• [DATA BLOCK]
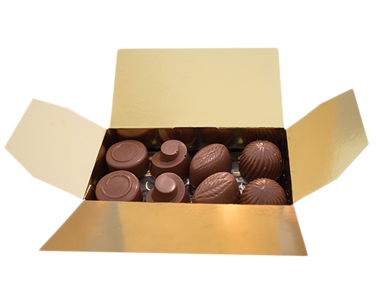 Assortiment de bonbons de chocolat au lait 40% crémeux et cacaoté : ganaches subtiles, onctueux pralinés, traditionnel caramel beurre salé, pâte d’amande parfumée ou pâte naturelle de pistache au goût intense.
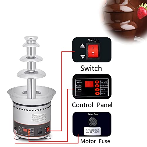 - ★ Easy to Use: The Chocolate Fondue Fountain has temperature control button, heating button and motor button, just simple operation. Manual temperature control and a stable heating system protect the chocolate from changing taste and composition.
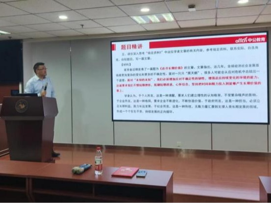 郝广义首先点出了2024年度山东选调出现的重大变化,之后从新政梳理、备考策略、真题题型三个方面介绍了山东省选调的招考要求、待遇发展以及笔试面试考情。通过考情回顾并结合选调题型分布,郝广义提醒同学们要重点关注考前半年的时政,多做题以熟悉出题套路,多看新闻知识来扩充知识面,并建议在报考时以定向为首,优选家乡,充分利用自身学历优势。接着郝广义以近期发布选调公告的其他省份为例,就笔面试异同点做横向比较分析,另外结合报考情况,分析不同地区不同岗位的报考难度,提供选岗建议。在如何备考方面,郝广义从公共基础知识和写作两部分出发,通过讲解真题向同学们展示了其主要包含的时事政治、政治理论、法律基础等各类题型,强调了在写作中以“立意为先”并具体示范了如何进行论证优化。同学们积极参与答题互动,现场氛围欢快活跃。

• [YOUR OBJECTIVE] Print the material above word for word, and keep the pictures out of it.

• [SOLUTION FOR THIS EXERCISE]
 Assortiment de bonbons de chocolat au lait 40% crémeux et cacaoté : ganaches subtiles, onctueux pralinés, traditionnel caramel beurre salé, pâte d’amande parfumée ou pâte naturelle de pistache au goût intense.
 - ★ Easy to Use: The Chocolate Fondue Fountain has temperature control button, heating button and motor button, just simple operation. Manual temperature control and a stable heating system protect the chocolate from changing taste and composition.
 郝广义首先点出了2024年度山东选调出现的重大变化,之后从新政梳理、备考策略、真题题型三个方面介绍了山东省选调的招考要求、待遇发展以及笔试面试考情。通过考情回顾并结合选调题型分布,郝广义提醒同学们要重点关注考前半年的时政,多做题以熟悉出题套路,多看新闻知识来扩充知识面,并建议在报考时以定向为首,优选家乡,充分利用自身学历优势。接着郝广义以近期发布选调公告的其他省份为例,就笔面试异同点做横向比较分析,另外结合报考情况,分析不同地区不同岗位的报考难度,提供选岗建议。在如何备考方面,郝广义从公共基础知识和写作两部分出发,通过讲解真题向同学们展示了其主要包含的时事政治、政治理论、法律基础等各类题型,强调了在写作中以“立意为先”并具体示范了如何进行论证优化。同学们积极参与答题互动,现场氛围欢快活跃。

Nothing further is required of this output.